Like invisibility in legends, transparency in nature is a powerful tool. Most transparent animals live in the ocean, where a close visual match with the water renders them almost invisible to predators.
On land, transparency is rare and difficult to achieve, but some butterflies and moths (Lepidoptera) do have transparent wings. And a new study indicates transparency can serve not only to camouflage them, but in other cases to signal and warn predators, "Don't eat me! I'm toxic."
This flexible weapon for self-defense is one of many findings from a multiyear study spanning the physics, biology, ecology, and evolution of transparency in Lepidoptera conducted by several groups, including the lab of Nipam Patel, director of the Marine Biological Laboratory (MBL).
"This is one of those interdisciplinary studies you dream about, where you want to understand [a biological structure] from its physics to its development and ecology," says Patel of the international study, which began as a project in the MBL Embryology course and ended up being funded by the Human Frontier Science Program. Ph.D. candidate Aaron Pomerantz in Patel's lab is also on the team.
Mimicry for Self-Defense
The group's latest paper adds a unique perspective on Lepidoptera self-defense. In some species, vivid wing coloration indicates the presence of chemical defenses that make the butterfly unpalatable or toxic, and predators learn to avoid them. Accordingly, palatable species can evolve to mimic the toxic ones, so predators leave them alone, too. In addition, multiple unpalatable species may converge in their warning colorations, thereby sharing in the benefits of the warning coloration process. Large "mimicry rings" can even form containing both toxic and nontoxic species, all displaying strikingly similar patterns and color combinations.
"The most amazing place to see this is the Amazon," Patel says. "You'll find a group of species that are distantly related to each other, yet they've all converged on a similar wing pattern."
Surprisingly, mimicry rings have also been found among clear-wing species in the Amazon. "So we asked, 'Wait, why would a species be transparent and unpalatable at the same time?'" Patel says. And, structurally, how would a clear-wing species accomplish that trick?
The team looked at the optical and structural properties of transparent butterfly wings within mimicry rings to see if they were convergent, and found in some rings, they were.
"In one transparency ring we studied (see photo 1, middle row), the key unpalatable butterfly doesn't have an anti-glare coating on its transparent wing, so in sunlight, it's really easy to see," Patel says. "It may be signaling a warning pattern to predators when it's in bright sun, and it's camouflaged when in shadows. So it kind of cheats: it has the best of both worlds."
Previously, the team reported on the developmental origins of transparency in a clear-wing species, Greta oto. They also compared wing transparency across 123 Lepidoptera species for its structural basis, optical properties, and biological relevance in relation to concealment, thermoregulation, and protection against UV. Those results showed a wide diversity of solutions to achieve transparency, suggesting that transparency has likely evolved multiple times independently.

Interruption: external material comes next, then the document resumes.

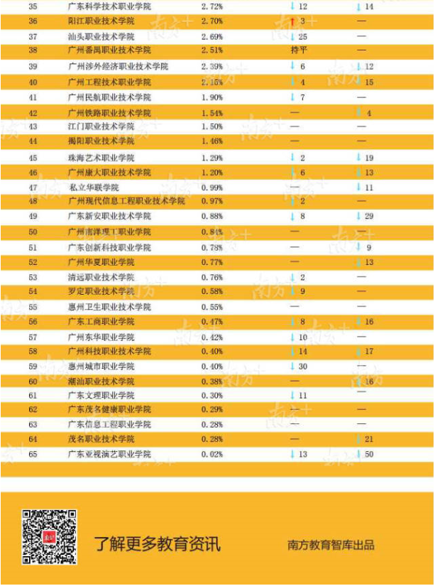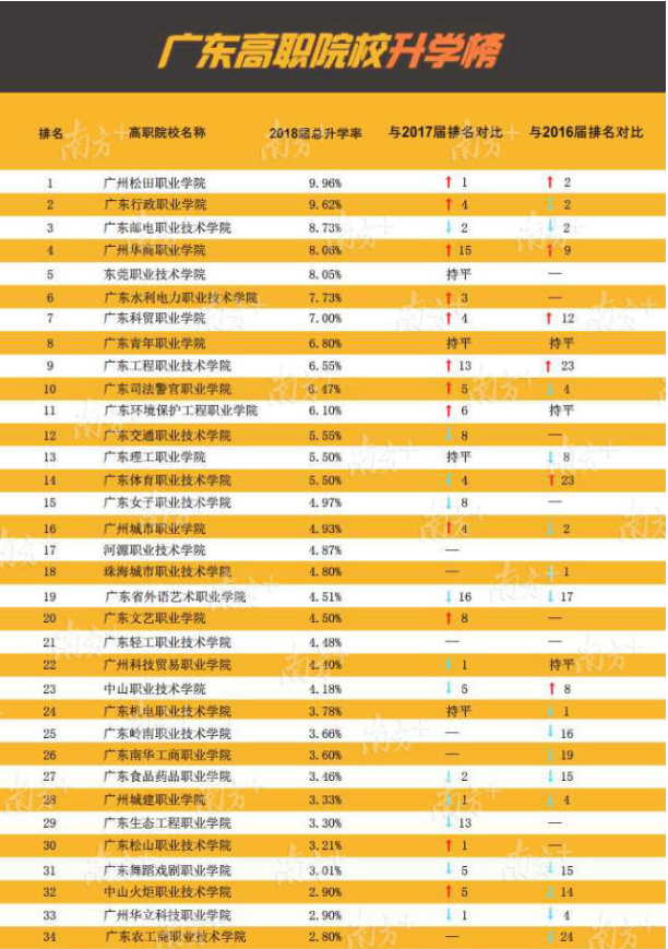 近3年各高職升學(xué)數(shù)據(jù)顯示,越來(lái)越多畢業(yè)生通過(guò)升學(xué)提升自身競(jìng)爭(zhēng)力,尤其2018屆升學(xué)率增長(zhǎng)明顯。其中有7所高職院校的畢業(yè)生升學(xué)率達(dá)到或超過(guò)7%,分別是廣州松田職業(yè)學(xué)院9.96%、廣東行政職業(yè)學(xué)院9.62%、廣東郵電職業(yè)技術(shù)學(xué)院8.73%、廣州華商職業(yè)學(xué)院8.06%、東莞職業(yè)技術(shù)學(xué)院8.05%、廣東水利電力職業(yè)技術(shù)學(xué)院7.73%和廣東科貿(mào)職業(yè)學(xué)院7.00%。

Approaching transparency from multiple disciplines brought emergent knowledge and interesting new questions, Patel said. "Now that we've identified different Lepidoptera groups that have found different ways to achieve transparency, we can ask, how did they actually do this? Or, alternatively, if two very distant lineages have come up with the same solution for transparency, did they solve the problem in the same way?"